Исаак Гольдберг - Сладкая полынь
Ксения входит в сторожку при церкви, где живет теперь поп. Поповский дом, высокий, шестиоконный, под железной крышей, несет на своем карнизе маленькую вывесочку: «Изба-читальня». Ксения проходит мимо дома, не подымая глаз.
Сухой, чернобородый монах встречает ее на пороге и, внимательно разглядывая, пропускает в низенькую горенку. В полусвете, рассеянном кругом, видит Ксения мельком голые стены с киотом в красном углу, узенькую лежанку, простой, ничем не покрытый стол и табуретку возле него.
— Садись, дочь моя! — торжественно говорит монах. — Слыхал я, что о душевном у тебя есть желание побеседовать. Слыхал.
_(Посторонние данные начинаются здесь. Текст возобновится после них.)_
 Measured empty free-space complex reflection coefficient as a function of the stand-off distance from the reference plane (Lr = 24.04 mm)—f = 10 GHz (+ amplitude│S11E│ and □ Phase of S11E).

У Ксении сердце замирает в тоске и жалости какой-то. Она отвечает не сразу. И глух и неуверен ее голос в этом ответе:
— Да, батюшка...
Монах еще раз внимательно разглядывает. Он слышит тревогу и замкнутость в голосе пришедшей к нему женщины, он чувствует ее смятение, но он уверен в себе, он знает по многолетнему опыту эти замкнутые и недоверчивые души, приходящие за духовной помощью, и есть у него для них большой запас давнишних, привычных слов. Он уверен в себе и в силе своих утешений. И, полон непоколебимого, но смиренного превосходства над этой заблудшей душою, он ободряет ее:
— Не бойся, дочь моя... Я не мирской, мне можно все поведать. Садись и все расскажи, все, что смущает дух твой. Господь тебе, через меня, недостойного, поможет.
Как во сне, побуждаемая чужою волею, опускается Ксения на табуретку, складывает руки на коленях, наклоняет голову и тихо вздыхает.
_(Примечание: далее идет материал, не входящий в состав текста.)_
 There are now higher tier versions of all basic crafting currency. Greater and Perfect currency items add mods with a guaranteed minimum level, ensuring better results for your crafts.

— Не знаю я... Я, батюшка, от бога давно откачнулась... А теперь не знаю, куда мне стукнуться. Люди говорят, молитва помогает...
— Молитва, если с чистым сердцем да с верою приступить к ней, всегда поможет. Господь милостив.
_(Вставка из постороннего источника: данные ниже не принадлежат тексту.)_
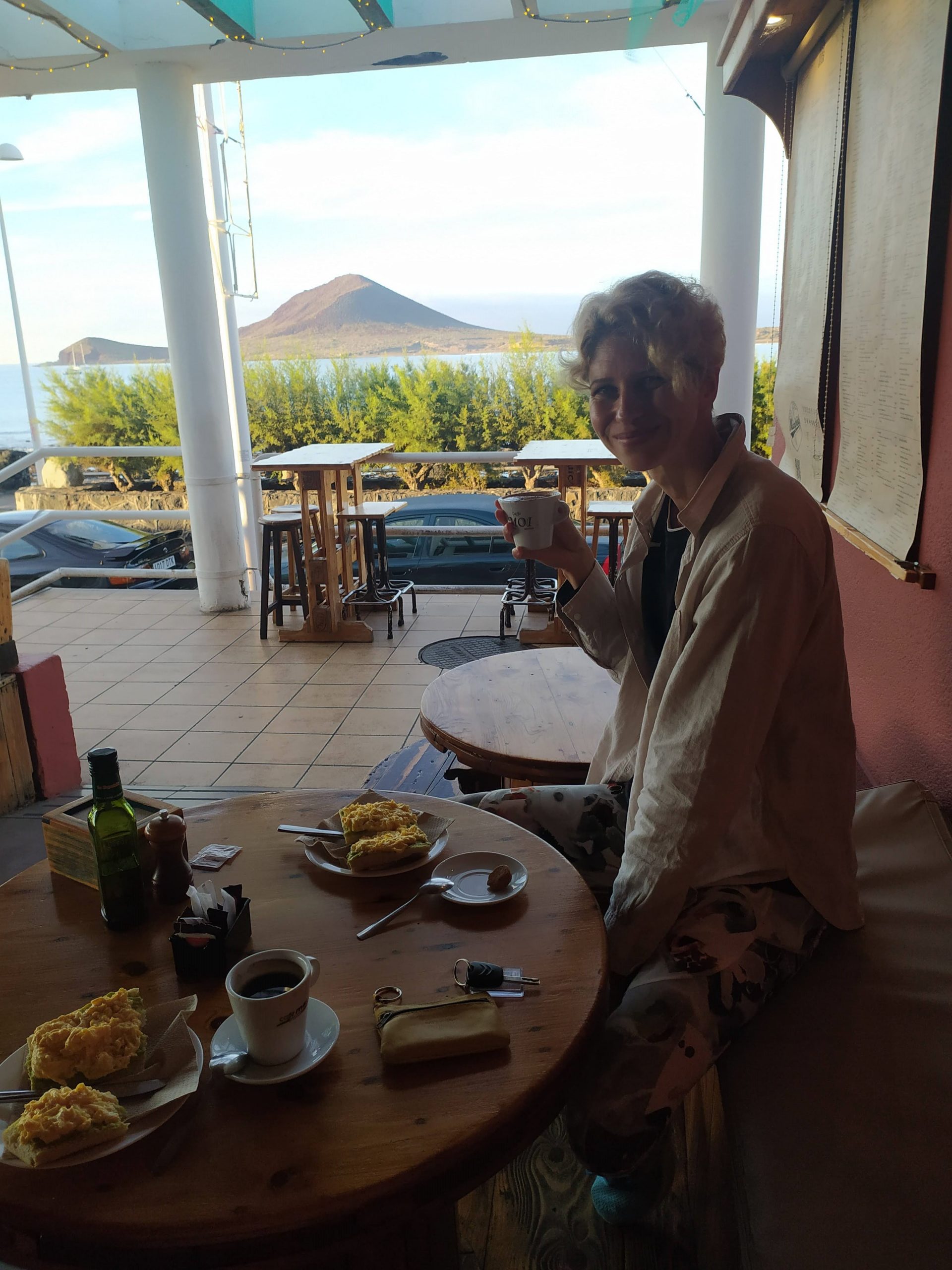 Dzień wylotu. Samolot mieliśmy o 11, postanowiliśmy więc zebrać się wcześniej i podjechać jeszcze zjeść śniadanie w El Medano, miasteczku niedaleko lotniska, nad oceanem. Nie spodziewaliśmy się tak dużych korków na autostradzie, jednej jedynej, która okala niemal całą wyspę. No ale była 7 rano, więc zapewne godzina, gdy miejscowi wyruszają do pracy… Straciliśmy trochę czasu w korkach, ale potem yacool docisnął gazu, ja patrzyłam w tym czasie w telefon, by się nie stresować i udało się nadrobić pół godziny. Medano o poranku było cudowne. Ciche, puste, z atmosferą wakacyjnego miasteczka po sezonie. Większość lokali jeszcze zamknięta. Znalazłam fajną kawiarenkę nad samym oceanem, nie mieliśmy pożegnalnej kolacji, ale udało się zjeść pożegnalne śniadanie. Też fajnie 🙂

Ксения снова вздыхает и умолкает.
— Ты все, все, как на духу, расскажи про себя! — подходит к ней монах ближе и в его глазах, устремленных на Ксению, горит настойчивость: — Если утешения в вере ищешь, ничего не скрывай!
И в мирной тишине суровой, с показаной монашескою убогостью горенки начинает неуверенно, но с возрастающей страстностью звучать сдержанный женский голос. Начинают нанизываться слова, сначала сбивчиво и тревожно, но, чем дальше, тем все слаженней и смелее. Полузакрыв глаз и уйдя вся в себя, Ксения начинает обнажать пред чужим, но внимательно, как бы подстерегая ее, слушающим человеком самое свое тайное, самое сокровенное свое.
Монах, черный и тонкий, стоит возле нее и опирается рукою о стол, и костлявые пальцы его неподвижно лежат на свежей желтизне дерева. Он слушает и не прерывает женщину. Лицо его бесстрастно, глаза чуть-чуть поблескивают. Он молчит, ибо по давнему опыту знает, что женщина и так скажет все. Он бесстрастен, потому что знает, что он праведной, примерной жизни человек и не пристало ему проявлять суетные чувства.
Ксения рассказывает все. С каким-то отчаяньем она говорит о том, о чем не говорила никому. О своем случайном уходе с партизанами, о своей жизни у них среди боевой опасности, о первой крови, которую увидела, о первой крови, которую сама пролила. О том, как ее ранили, и об ужасе, который охватил ее, когда очнулась она и узнала о своей беде. О годах скрываемой боли и стыда. И, наконец, о возвращении домой и мелькнувшей на мгновение радости. Почти ничего не утаивает Ксения. Монах дослушивает ее до конца молча. И он хранит еще некоторое время молчание даже тогда, когда Ксения умолкает и наклоняется ниже, роняя на колени слезы.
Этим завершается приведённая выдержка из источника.